↓
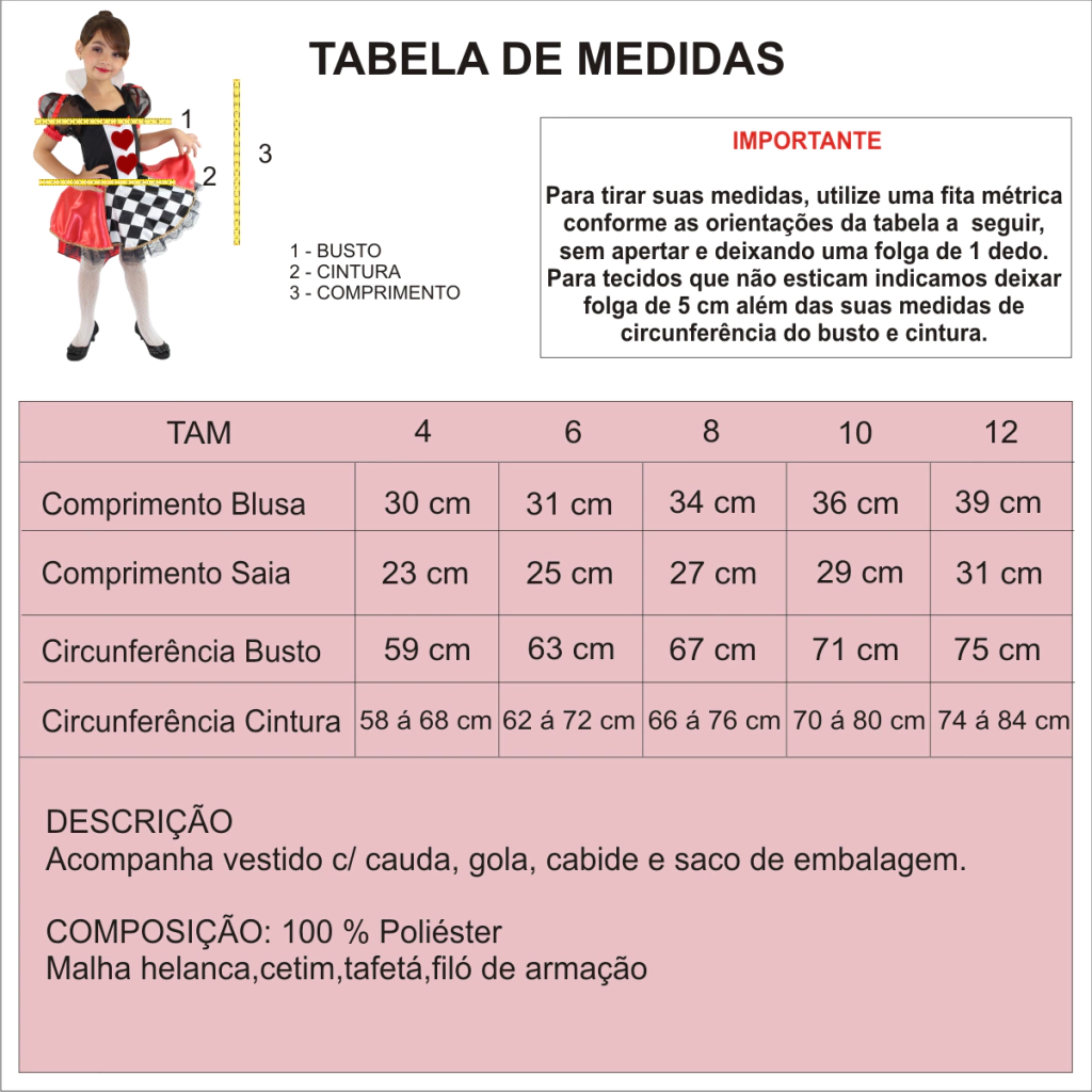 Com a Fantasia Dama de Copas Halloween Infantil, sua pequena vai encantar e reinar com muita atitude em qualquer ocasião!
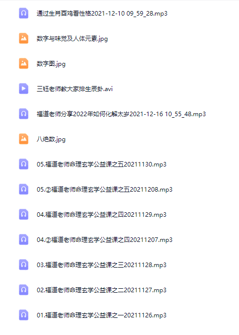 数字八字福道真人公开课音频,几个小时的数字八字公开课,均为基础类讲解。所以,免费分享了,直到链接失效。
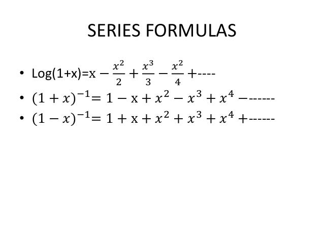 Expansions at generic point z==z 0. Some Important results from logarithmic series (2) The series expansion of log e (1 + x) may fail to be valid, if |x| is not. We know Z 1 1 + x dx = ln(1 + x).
↑
> **Assignment**:
Leave out the pictures and repeat the lines from the start of the material through the line with "数字八字福道真人公开课音频,几个小时的数", inclusive.

> **Expected answer**:
 Com a Fantasia Dama de Copas Halloween Infantil, sua pequena vai encantar e reinar com muita atitude em qualquer ocasião!
 数字八字福道真人公开课音频,几个小时的数字八字公开课,均为基础类讲解。所以,免费分享了,直到链接失效。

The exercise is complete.